The People of the State of New York, Respondent,
v
Aaron Smalls, Appellant.

[*1] Lynn W.L. Fahey, New York, N.Y. (Jonathan M. Kratter of counsel), for appellant.

Richard A. Brown, District Attorney, Kew Gardens, N.Y. (John M. Castellano, Johnnette Traill, and Danielle Hartman of counsel), for respondent.

Appeal by the defendant from a judgment of the Supreme Court, Queens County (Lasak, J.), rendered May 21, 2008, convicting him of robbery in the first degree, assault in the first degree, robbery in the second degree, and assault in the second degree, upon a jury verdict, and imposing sentence.

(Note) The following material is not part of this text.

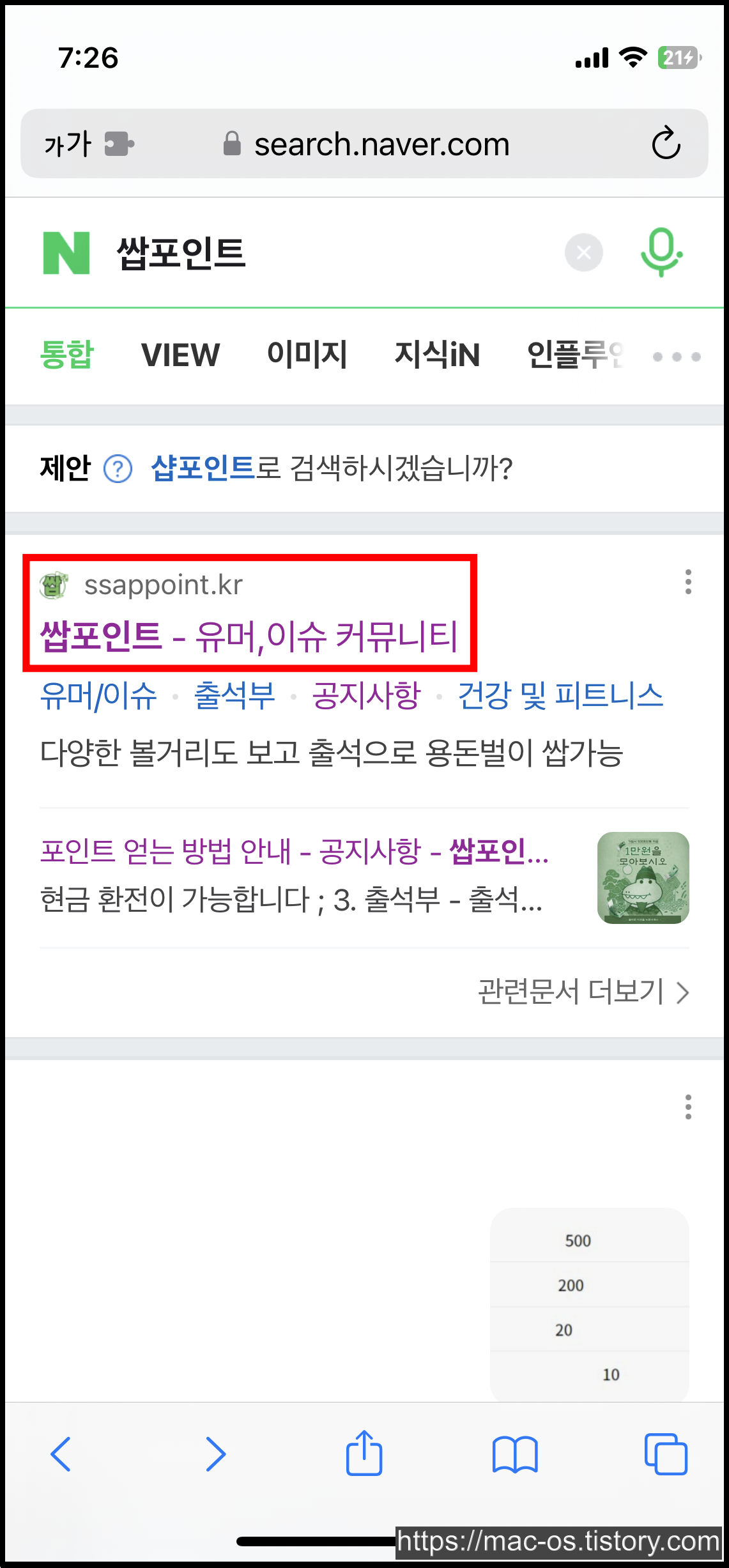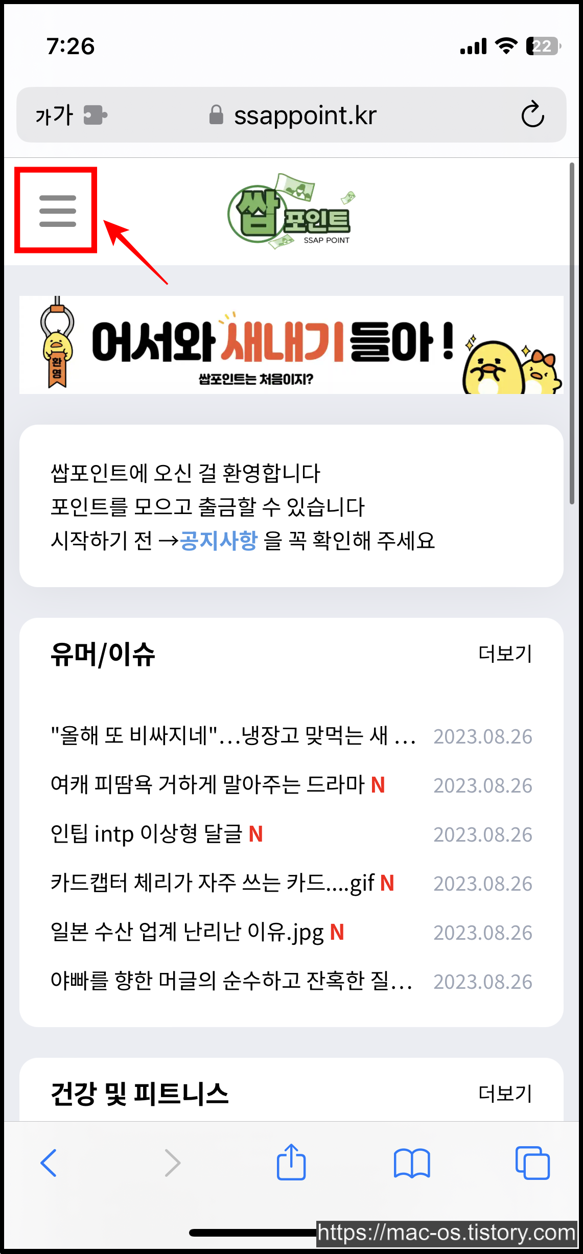 네이버 검색창에 쌉포인트라고 검색하면 상단에 사이트가 나오는데 여기로 들어가면 된다.

Ordered that the judgment is modified, as a matter of discretion in the interest of justice, by vacating the conviction of assault in the first degree under count two of the indictment, vacating the sentence imposed thereon, and dismissing that count of the indictment; as so modified, the judgment is affirmed.

The defendant's Batson challenge (see Batson v Kentucky, 476 US 79 [1986]) was properly denied (see People v MacShane, 11 NY3d 841, 842 [2008]; People v Childress, 81 NY2d 263, 267-268 [1993]).

The defendant's contention that the counts of robbery in the first degree (Penal Law § 160.15 [1]) and assault in the first degree (Penal Law § 120.10 [4]) were multiplicitous is unpreserved for appellate review (see People v Clymer, 26 AD3d 443 [2006]). Nevertheless, under the circumstances, we review the contention in the interest of justice. "An indictment is multiplicitous when two or more counts charge the same crime" (People v Aarons, 296 AD2d 508, 508 [2002]; see People v Quinones, 8 AD3d 589 [2004]). Here, the record reflects that the jury charges regarding the count of assault in the first degree and the count of robbery in the first degree were essentially identical since one cannot commit robbery in the first degree under Penal Law § 160.15 (1) without simultaneously committing assault in the first degree under Penal Law § 120.10 (4). As such, those charges were multiplicitous. Accordingly, we vacate the defendant's conviction of assault in the first degree under count two of the indictment, vacate the sentence imposed thereon, and dismiss that count of the indictment (see People v Aarons, 296 AD2d at 508).

The defendant's contention that his adjudication and sentencing as a persistent violent felony offender violated his constitutional rights pursuant to Apprendi v New Jersey (530 US 466 [2000]) is unpreserved for appellate review and, in any event, is without merit (see People v Leon, 10 NY3d 122, 126 [2008], cert denied 554 US 926 [2008]; People v Kelly, 67 AD3d 706, 707 [2009]). Covello, J.P., Angiolillo, Dickerson and Belen, JJ., concur.